Кузьма Ферапонтович был страстный рыбак. Стены его кабинета украшали черно-белые фотографии. Вот академик стоял с громадным сомом, которого взял на аскариду. А вот в Средней Азии – держал громадного червя. На фоне стоял меланхоличный верблюд.


– Наше научное направление хотят добить, – печально говорил академик за юбилейным столом.

На столе было оливье от бабы Нюры, огурчики от Светланы Игоревны, бутылка клюквы на коньяке от охранника Вити и коробка конфет от бабы Кати.

– Мы живем без финансирования, без поддержки, – говорил Грязской, пронзая Айрон Мэйдена пристальным взглядом. – Но я хочу, чтобы ты знал: это все-таки не зря. Кому-то там, – Академик ткнул пальцем в изувеченный пятнами плесени потолок, – наш труд все-таки нужен. Он не дает нам пропасть. Может быть, это Бог. А может и Великий Червь.


А потом Кузьма Ферапонтович выпил клюквы на коньяке из пластикового стакана и стал декламировать какое-то страшное стихотворение:


Но что за образ, весь кровавый,

Меж мимами ползет?

За сцену тянутся суставы,

Он движется вперед,

Все дальше, — дальше, — пожирая

Играющих, и вот

Театр рыдает, созерцая

В крови ужасный рот.


Уже позже Айрон Мэйден узнал, что эту жуть написал Эдгар По и называется она «Червь-победитель».


***


Спустя три года положение лаборатории стало совсем отчаянным. Только что обесценился рубль. Лаборатория в очередной раз была поставлена на грань банкротства.

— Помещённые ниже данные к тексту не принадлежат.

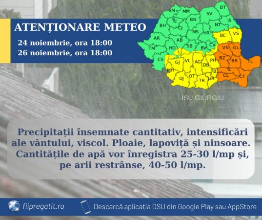 Administrația Națională de Meteorologie a emis o atenționare tip Cod Galben de Continue reading
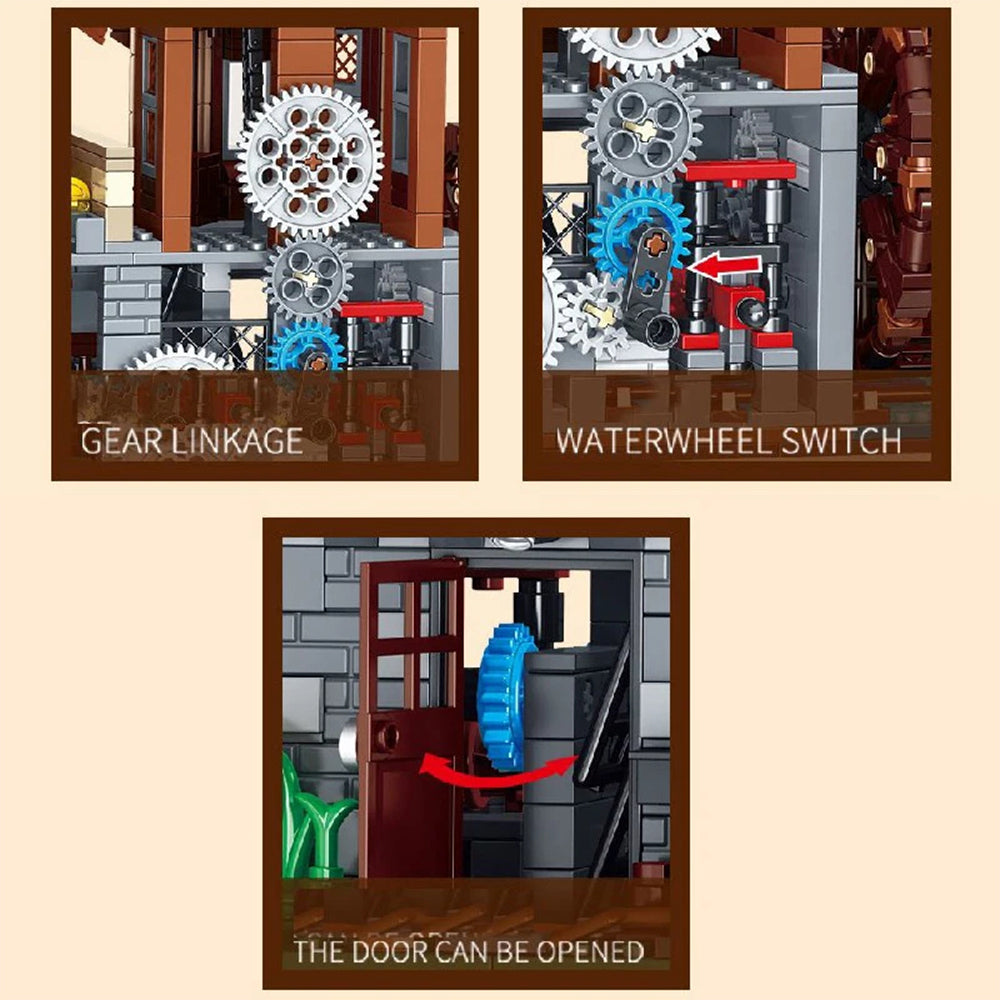 Windmill and waterwheel are driven as one system, not as random spinning parts.
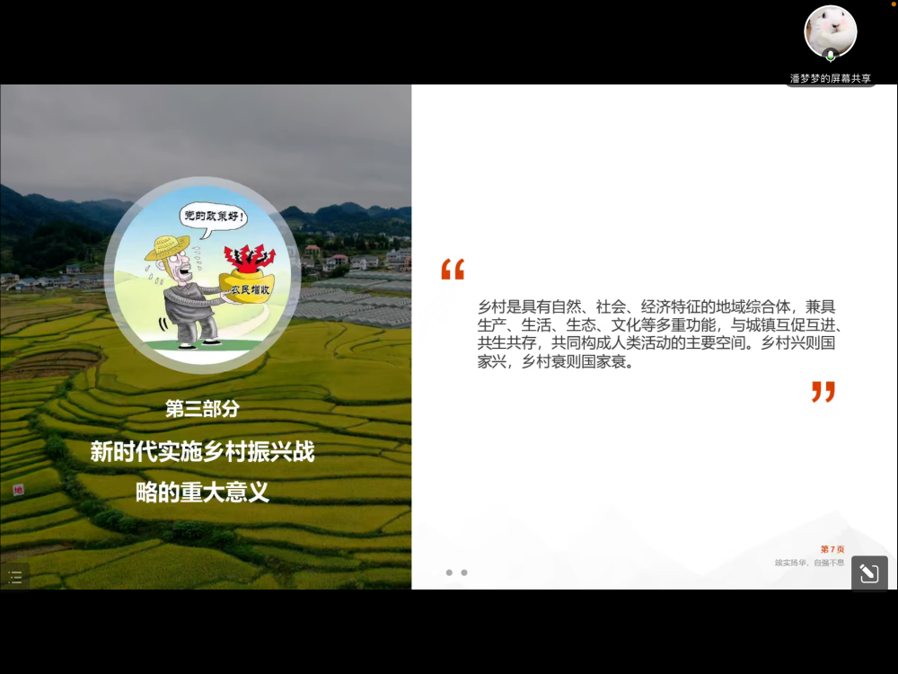 刘祥龙代表的小组给大家展示的是《学习二十大精神主题汇报——乡村振兴》,他首先介绍了乡村振兴的战略演变以及战略举措,全面建设社会主义现代化国家,最艰巨最繁重的任务仍然在农村,我们要坚持农业农村优先发展。然后他讲述了产业振兴、文化振兴、人才振兴、组织振兴和生态振兴五个方面的分类攻坚。接着刘祥龙给大家讲解到乡村振兴的战略意义,最后他分享了目前乡村振兴取得的一些现实成就。
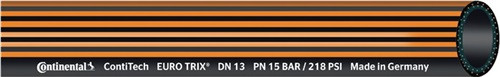 schwarze, porenfreie, glatte EPDM-Innenschicht · Temperaturbereich: -20 °C bis +100 ° C · Druckträger: synthetische Garne · hochflexibel, drallfrei und knickstabiel · EPDM-Außenschicht, ozon- und witterungsbeständig · LABS-, Trennmittel- und fettfrei Kennzeichnung: 6 orangefarbene, axial verlaufende Streifen auf schwarzem Untergrund „Continental ContiTech EURO TRIX® Made in Germany". Einsatzmöglichkeiten: Der EURO-TRIX® Wasserschlauch ist das Markenprodukt für den universellen Einsatz. Er eignet sich für den sicheren Betrieb in mobilen oder stationären Leitungssystemen in der Industrie, im Bauwesen, im Gewerbe, in der Landwirtschaft, im Landschafts- und Gartenbau, in Kommunen, Fuhrparks etc. Dabei zeichnet er sich besonders durch Flexibilität, Robustheit und einfachsten Handling aus. · Weitere technische Eigenschaften Biegeradius: 120mm • Gewicht: 0,58kg/m
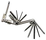 The Ventura 11-Function Folding Bike Tool Set is packed with helpful tools and features a folding design ideal for on-the-go repairs. This handy tool includes 7 allen keys, 1 flat and 1 Phillips screwdriver, a T25 torx tool, 1 chain rivet extractor, and 1 chain cutter. Youll also receive a nylon carrying bag.
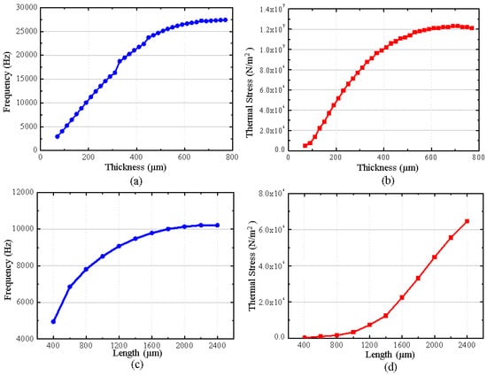 (a) shows the influence regularity of the cantilever plate’s thickness on the resonant frequency. (b) shows the influence regularity of the cantilever plate’s thickness on the thermal stress. (c) shows the influence regularity of the cantilever plate’s length on the resonant frequency. (d) shows the influence regularity of the cantilever plate’s length on the thermal stress.
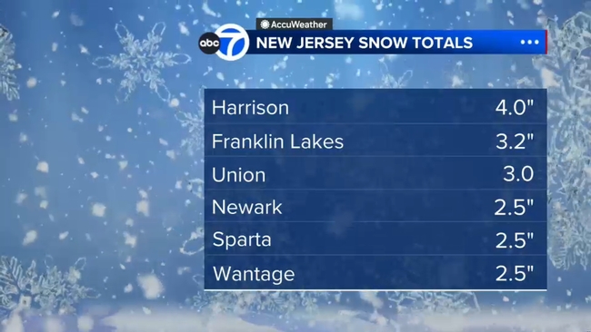 Higher totals were kept down in New Jersey due to ice; some areas of the Hudson Valley, Long Island, and Connecticut, however, saw more substantial snowfall.
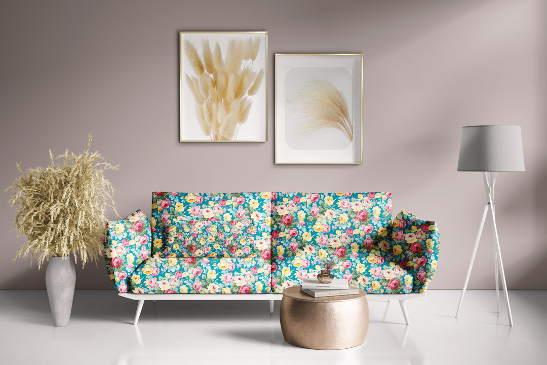 Ύφασμα επίπλωσης βαμβακερό, εμπριμέ σε κόκκινο, κίτρινο και μπλε, στυλ country.
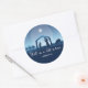 This beautiful blue drawing of the nativity scene is a gorgeous religious Christmas sticker or gift label for a devout family. Unto us a child is born. Send holiday blessings with this Christian gift.
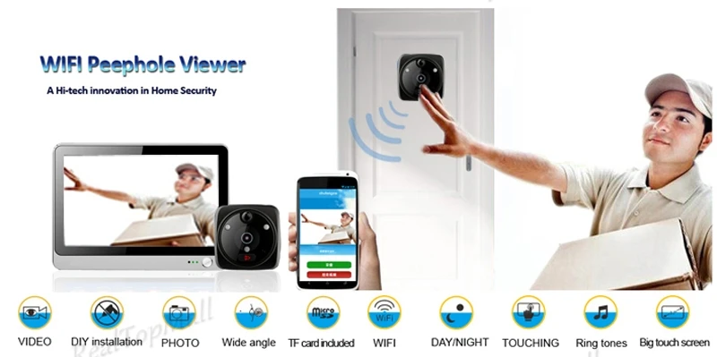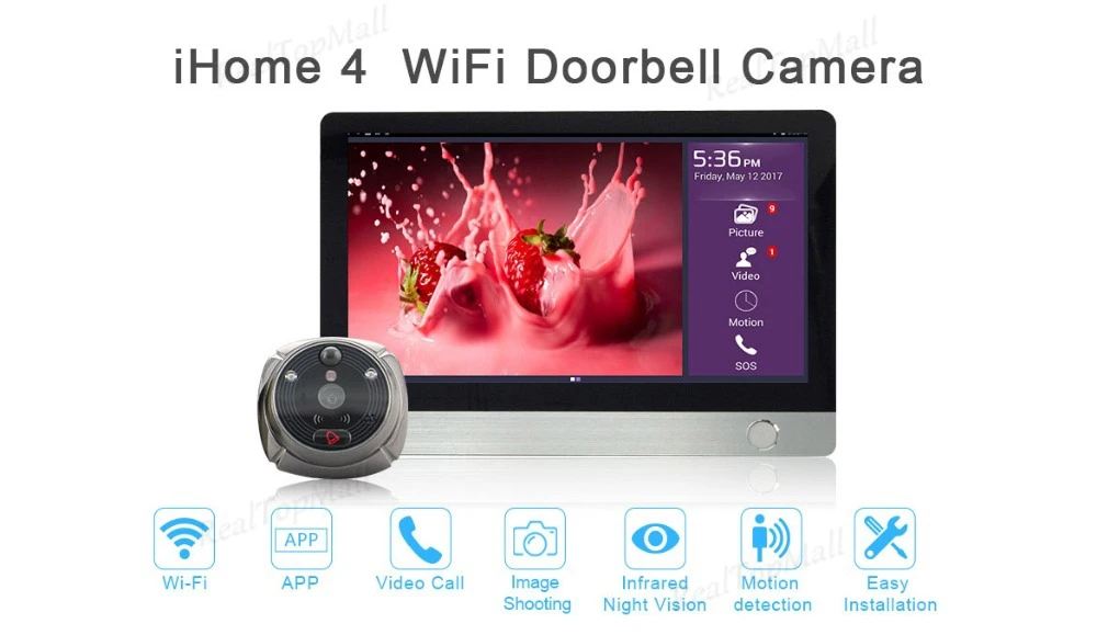iHome4 Android IOS APP Control Wireless Wifi Peephole Video Doorphone Viewer WIFI Peephole Doorbell System

В те годы Айрон Мэйден зарабатывал на Арбате. Он ходил по улочке в жутком балахоне и седом парике. Туристы думали, что он так загримирован под монстра с обложки Iron Maiden и охотно с ним фотографировались. Фотографии были платные. В общем-то, зарабатывал Ромуальд Филиппович совсем не плохо. За эти деньги и жил, и даже получалось что-то откладывать.

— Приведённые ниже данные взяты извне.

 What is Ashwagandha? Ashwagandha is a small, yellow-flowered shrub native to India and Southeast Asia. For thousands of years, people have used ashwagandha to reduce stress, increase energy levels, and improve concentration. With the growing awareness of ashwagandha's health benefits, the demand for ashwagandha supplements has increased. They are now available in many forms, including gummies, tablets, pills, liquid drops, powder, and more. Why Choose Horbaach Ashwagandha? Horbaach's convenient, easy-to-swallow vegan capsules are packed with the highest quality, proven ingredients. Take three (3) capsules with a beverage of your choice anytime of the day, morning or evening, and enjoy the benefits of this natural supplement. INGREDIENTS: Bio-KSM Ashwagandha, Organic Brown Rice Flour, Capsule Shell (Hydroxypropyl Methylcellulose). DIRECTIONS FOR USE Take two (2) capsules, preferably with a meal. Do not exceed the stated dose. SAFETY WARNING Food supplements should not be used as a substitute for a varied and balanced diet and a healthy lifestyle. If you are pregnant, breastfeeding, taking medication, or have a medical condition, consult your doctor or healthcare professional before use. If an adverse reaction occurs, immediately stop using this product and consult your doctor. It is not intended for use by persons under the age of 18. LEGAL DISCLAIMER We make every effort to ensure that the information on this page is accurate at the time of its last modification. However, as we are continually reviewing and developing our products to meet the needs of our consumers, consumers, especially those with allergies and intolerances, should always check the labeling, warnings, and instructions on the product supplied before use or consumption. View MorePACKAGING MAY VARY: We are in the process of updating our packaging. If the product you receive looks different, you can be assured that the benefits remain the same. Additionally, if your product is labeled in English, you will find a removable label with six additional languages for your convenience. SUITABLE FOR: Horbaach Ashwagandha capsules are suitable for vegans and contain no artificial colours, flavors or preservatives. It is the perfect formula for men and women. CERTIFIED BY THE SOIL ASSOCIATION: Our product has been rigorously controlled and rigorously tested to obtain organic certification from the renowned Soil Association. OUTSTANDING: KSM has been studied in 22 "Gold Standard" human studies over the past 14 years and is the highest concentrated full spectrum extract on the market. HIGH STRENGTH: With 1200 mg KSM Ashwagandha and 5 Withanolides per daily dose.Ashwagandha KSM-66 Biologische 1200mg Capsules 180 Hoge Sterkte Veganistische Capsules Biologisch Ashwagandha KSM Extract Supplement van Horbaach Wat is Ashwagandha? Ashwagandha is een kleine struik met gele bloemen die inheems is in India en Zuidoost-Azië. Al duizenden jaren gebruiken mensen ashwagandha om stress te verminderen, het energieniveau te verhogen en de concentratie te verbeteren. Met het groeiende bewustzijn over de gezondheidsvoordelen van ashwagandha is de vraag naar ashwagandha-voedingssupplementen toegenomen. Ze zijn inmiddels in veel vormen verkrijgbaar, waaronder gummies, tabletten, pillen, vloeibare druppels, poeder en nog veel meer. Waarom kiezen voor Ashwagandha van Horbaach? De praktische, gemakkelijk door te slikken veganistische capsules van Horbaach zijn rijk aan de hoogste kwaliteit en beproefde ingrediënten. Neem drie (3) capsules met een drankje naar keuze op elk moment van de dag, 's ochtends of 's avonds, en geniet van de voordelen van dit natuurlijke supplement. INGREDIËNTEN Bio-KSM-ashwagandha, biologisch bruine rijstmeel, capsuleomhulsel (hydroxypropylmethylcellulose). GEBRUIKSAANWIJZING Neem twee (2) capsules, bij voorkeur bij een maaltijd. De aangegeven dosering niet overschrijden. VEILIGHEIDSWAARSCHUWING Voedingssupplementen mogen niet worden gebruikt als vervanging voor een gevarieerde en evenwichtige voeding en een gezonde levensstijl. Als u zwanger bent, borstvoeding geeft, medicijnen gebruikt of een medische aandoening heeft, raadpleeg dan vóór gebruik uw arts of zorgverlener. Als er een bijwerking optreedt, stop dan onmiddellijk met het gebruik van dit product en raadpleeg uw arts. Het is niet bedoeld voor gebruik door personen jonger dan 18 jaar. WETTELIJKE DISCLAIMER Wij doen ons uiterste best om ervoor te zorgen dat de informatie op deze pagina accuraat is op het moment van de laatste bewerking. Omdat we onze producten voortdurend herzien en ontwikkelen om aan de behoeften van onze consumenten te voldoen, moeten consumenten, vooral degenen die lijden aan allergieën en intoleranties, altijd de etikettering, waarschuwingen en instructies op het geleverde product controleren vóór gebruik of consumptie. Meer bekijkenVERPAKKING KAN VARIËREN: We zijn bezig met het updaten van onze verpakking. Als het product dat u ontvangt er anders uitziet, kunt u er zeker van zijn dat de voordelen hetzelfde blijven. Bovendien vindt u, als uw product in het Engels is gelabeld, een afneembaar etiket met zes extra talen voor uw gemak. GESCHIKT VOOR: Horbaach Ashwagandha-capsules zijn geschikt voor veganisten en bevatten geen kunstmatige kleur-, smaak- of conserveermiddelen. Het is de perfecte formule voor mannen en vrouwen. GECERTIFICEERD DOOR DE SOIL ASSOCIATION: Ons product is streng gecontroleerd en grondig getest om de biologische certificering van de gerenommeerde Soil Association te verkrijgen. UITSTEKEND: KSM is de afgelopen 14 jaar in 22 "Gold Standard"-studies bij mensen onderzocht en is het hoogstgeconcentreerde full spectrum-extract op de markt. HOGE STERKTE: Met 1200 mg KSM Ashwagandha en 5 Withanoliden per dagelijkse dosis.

А вот лаборатория загибалась. И вместе с ней – смысл жизни.


Грязской ездил в Академию наук, возвращался оттуда злющий. Он пытался пробиться к Черномырдину, рассказать о важности исследований, и почти уже договорился о приеме, но тут Виктора Степановича отправили в отставку, а с окружением нового премьера надо было договариваться заново.


Ромуальд Филиппович видел, как в академике тяжело зреет какое-то решение. И однажды, вскоре после чудовищного падения рубля, Грязской сказал:

– Что ж, Ромуальд! Я долго старался избегать этого, но ничего не могу поделать. Мы пойдем к американцам.

– Так это же хорошо! – сморозил Айрон Мэйден.

– Дурак ты, Ромуальд! – сказал на это академик. – Когда-нибудь поймешь.


Айрон Мэйден немного обиделся и думал: «Почему это я дурак? Ведь продаться Америке – это круто! Это же страна супервозможностей! Вдруг нас туда заберут, в этот обетованный рай? Вдруг я найду там себе женщину? Это Кузьма Ферапонтович тормозит. Такое прекрасное решение. Почему он не хотел его принимать?»


С американцами у академика получилось договориться быстро. Им назначили прием в роскошном здании, недалеко от Смоленской площади. Ромуальд Филиппович с нетерпением ждал встречи с небожителями-американцами.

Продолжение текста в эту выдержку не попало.